WHAT YOU SHOULD DO »
Everything in the records below from the line containing "Mit Terminzetteln für" through the line containing "Решение t=V0/g=10м/c : 10м/с^2 = 1с" is to be reproduced exactly, those two lines included; no picture is to be copied.

DATA RECORDS »
/---
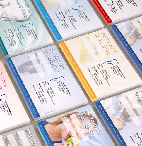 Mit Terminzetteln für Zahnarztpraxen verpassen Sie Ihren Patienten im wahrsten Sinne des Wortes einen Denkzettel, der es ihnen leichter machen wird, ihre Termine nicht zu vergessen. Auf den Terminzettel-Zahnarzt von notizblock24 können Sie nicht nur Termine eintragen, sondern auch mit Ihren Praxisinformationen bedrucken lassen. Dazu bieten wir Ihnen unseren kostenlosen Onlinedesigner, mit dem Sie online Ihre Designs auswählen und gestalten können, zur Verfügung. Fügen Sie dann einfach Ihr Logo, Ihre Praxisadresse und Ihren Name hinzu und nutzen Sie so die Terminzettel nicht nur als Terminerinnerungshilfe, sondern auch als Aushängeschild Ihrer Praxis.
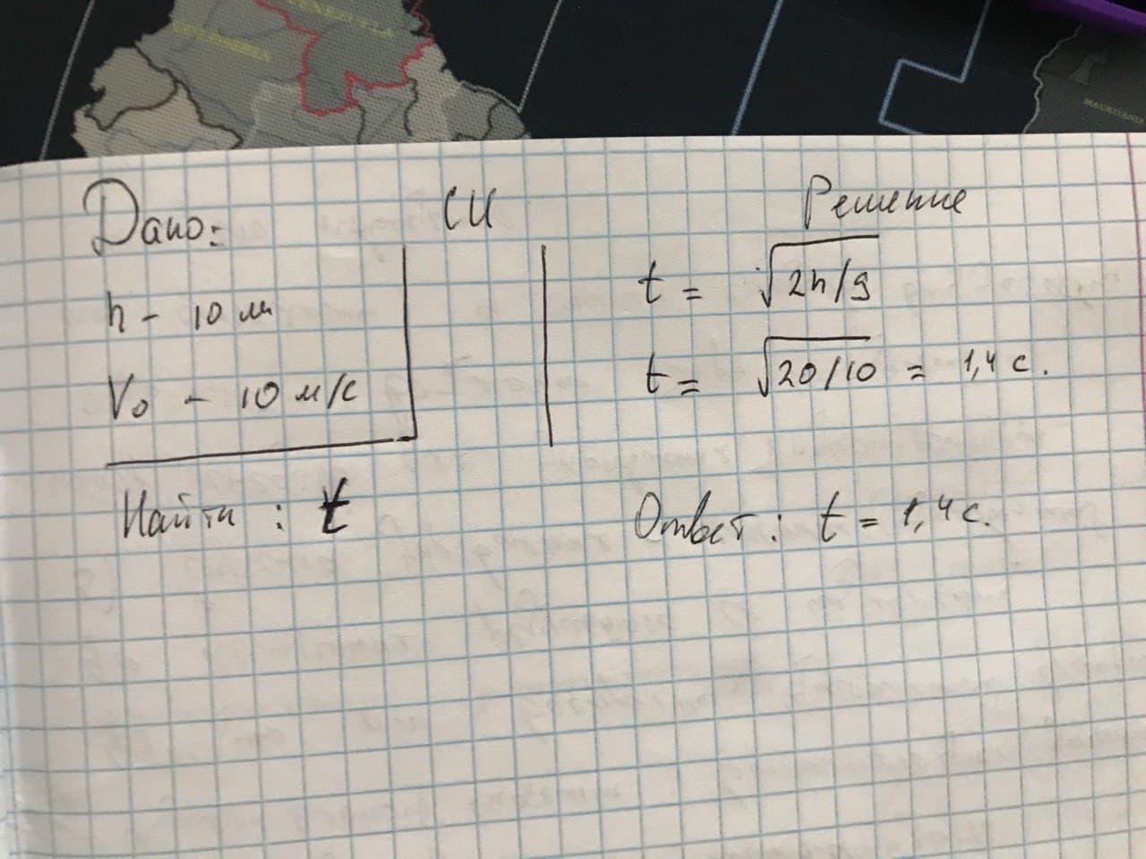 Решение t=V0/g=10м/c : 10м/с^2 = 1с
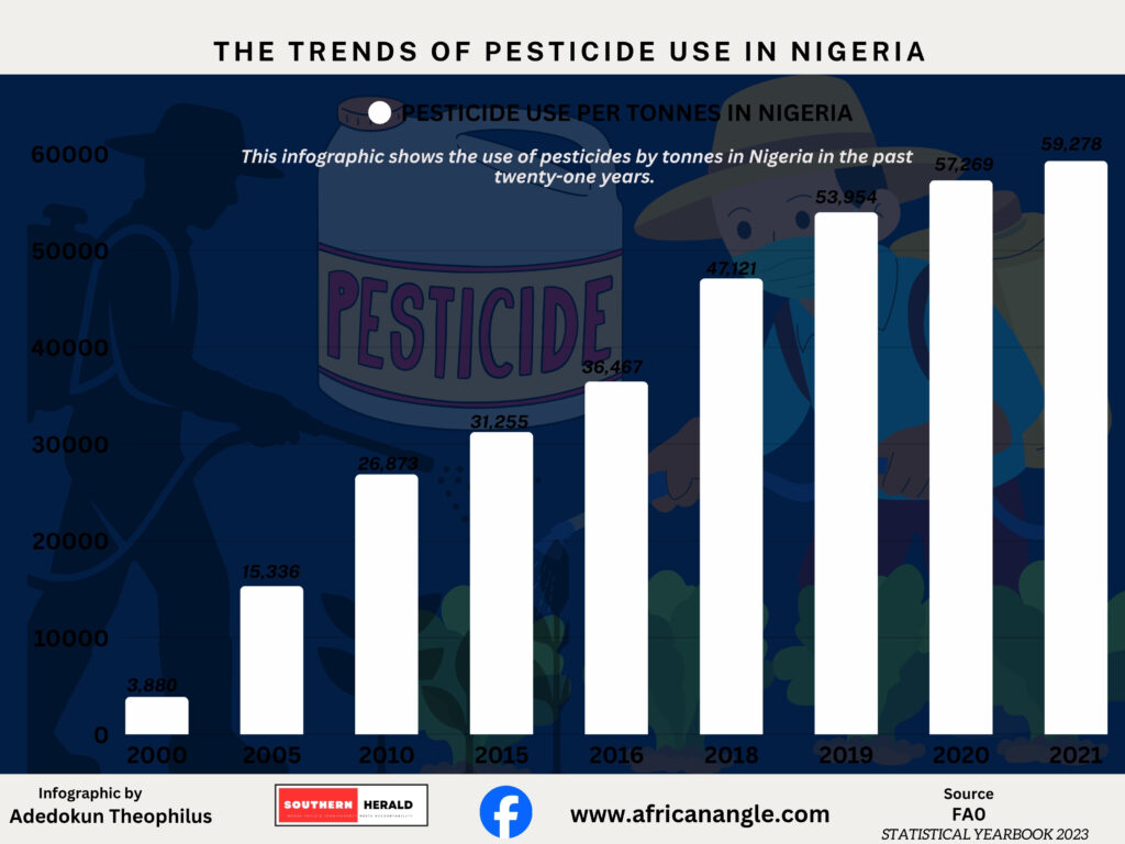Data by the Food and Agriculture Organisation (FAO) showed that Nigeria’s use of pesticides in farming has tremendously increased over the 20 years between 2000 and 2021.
\---
/---
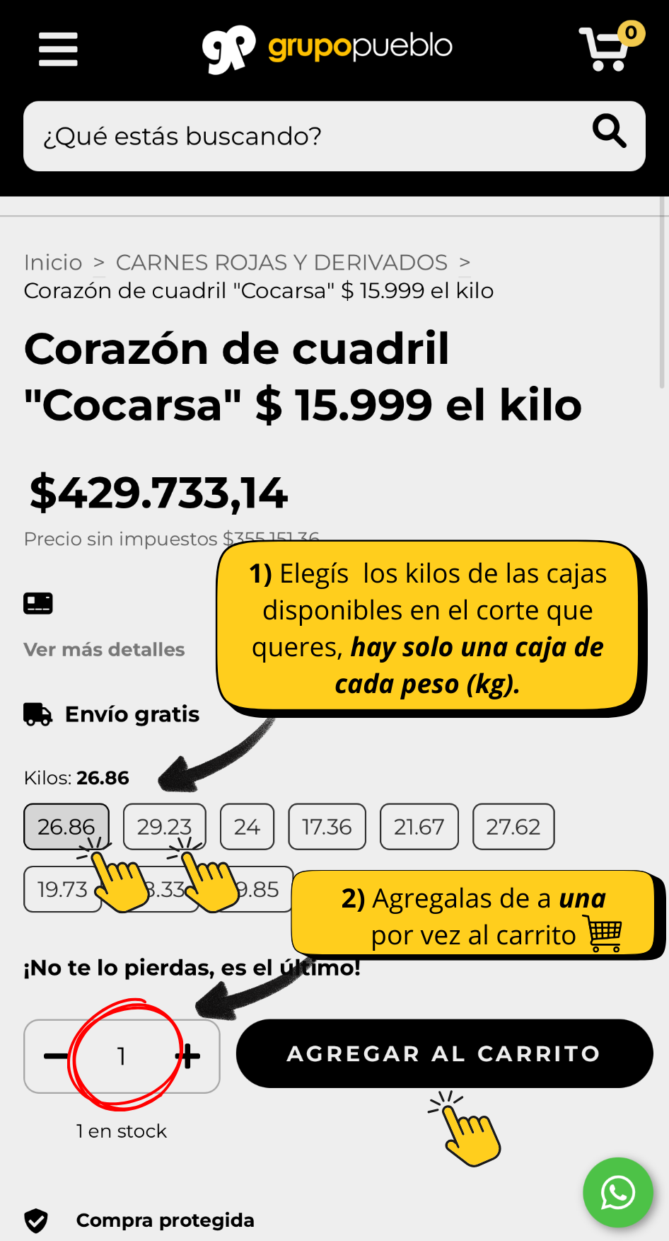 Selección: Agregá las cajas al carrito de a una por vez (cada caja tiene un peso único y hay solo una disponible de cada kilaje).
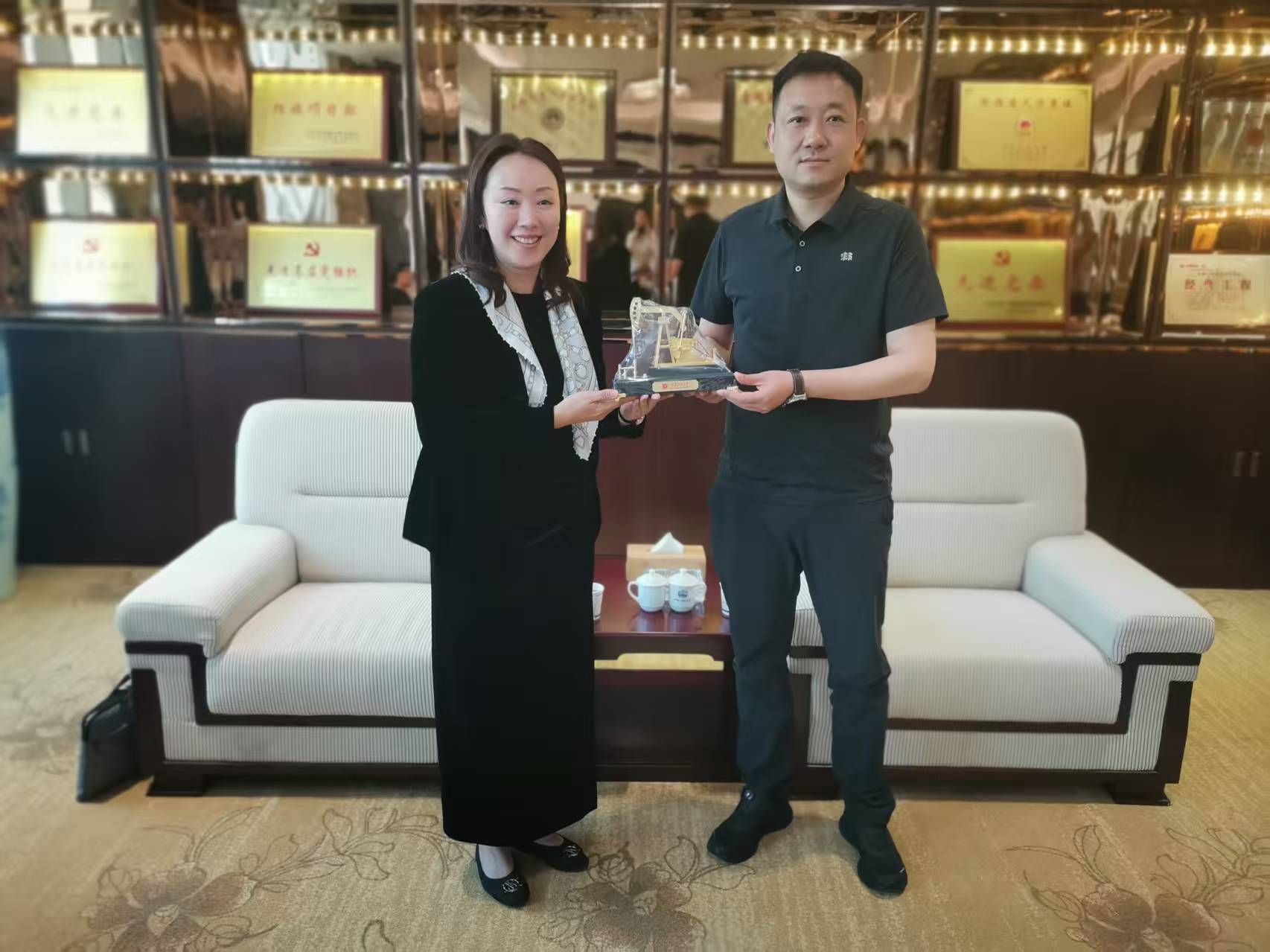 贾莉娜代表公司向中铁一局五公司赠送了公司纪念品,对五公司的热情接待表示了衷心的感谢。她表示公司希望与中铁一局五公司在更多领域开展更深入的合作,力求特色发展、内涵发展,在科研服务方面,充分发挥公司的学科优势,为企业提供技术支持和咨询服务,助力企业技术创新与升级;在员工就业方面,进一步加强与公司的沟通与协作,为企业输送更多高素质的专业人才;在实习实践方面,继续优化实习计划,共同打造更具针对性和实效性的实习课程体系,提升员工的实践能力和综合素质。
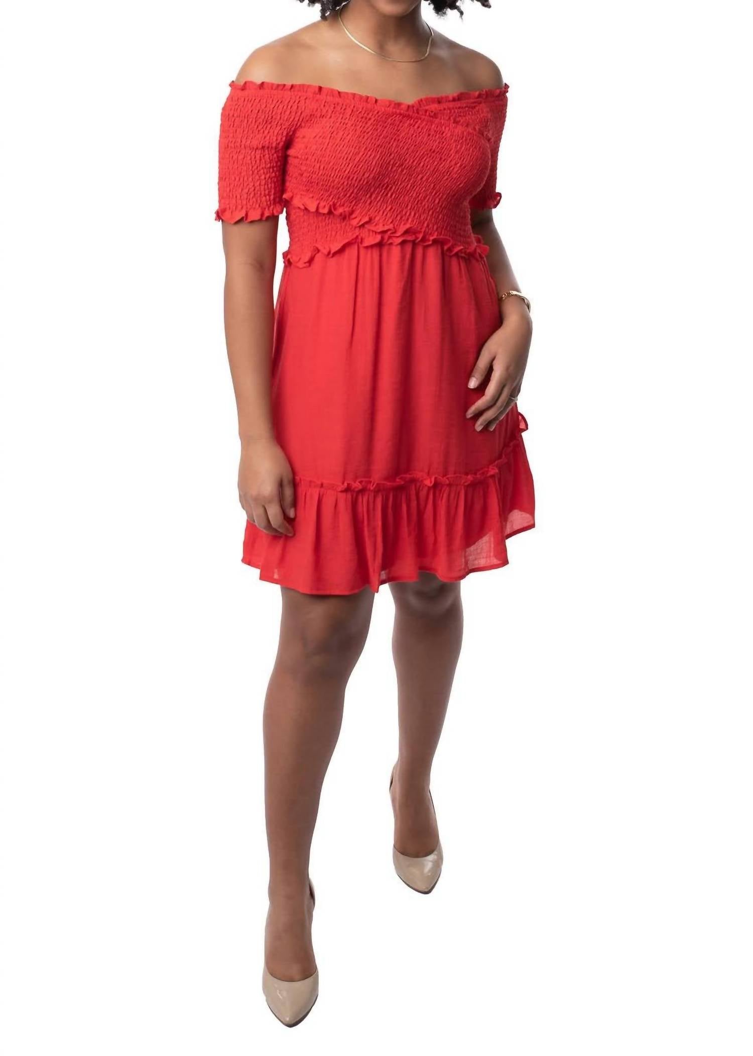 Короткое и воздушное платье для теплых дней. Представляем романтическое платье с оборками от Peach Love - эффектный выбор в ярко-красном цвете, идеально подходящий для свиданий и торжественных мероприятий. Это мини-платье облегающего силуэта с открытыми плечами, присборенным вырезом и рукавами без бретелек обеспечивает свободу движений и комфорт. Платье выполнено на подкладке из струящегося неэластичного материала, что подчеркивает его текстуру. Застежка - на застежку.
\---
REPLY »
 Mit Terminzetteln für Zahnarztpraxen verpassen Sie Ihren Patienten im wahrsten Sinne des Wortes einen Denkzettel, der es ihnen leichter machen wird, ihre Termine nicht zu vergessen. Auf den Terminzettel-Zahnarzt von notizblock24 können Sie nicht nur Termine eintragen, sondern auch mit Ihren Praxisinformationen bedrucken lassen. Dazu bieten wir Ihnen unseren kostenlosen Onlinedesigner, mit dem Sie online Ihre Designs auswählen und gestalten können, zur Verfügung. Fügen Sie dann einfach Ihr Logo, Ihre Praxisadresse und Ihren Name hinzu und nutzen Sie so die Terminzettel nicht nur als Terminerinnerungshilfe, sondern auch als Aushängeschild Ihrer Praxis.
 Решение t=V0/g=10м/c : 10м/с^2 = 1с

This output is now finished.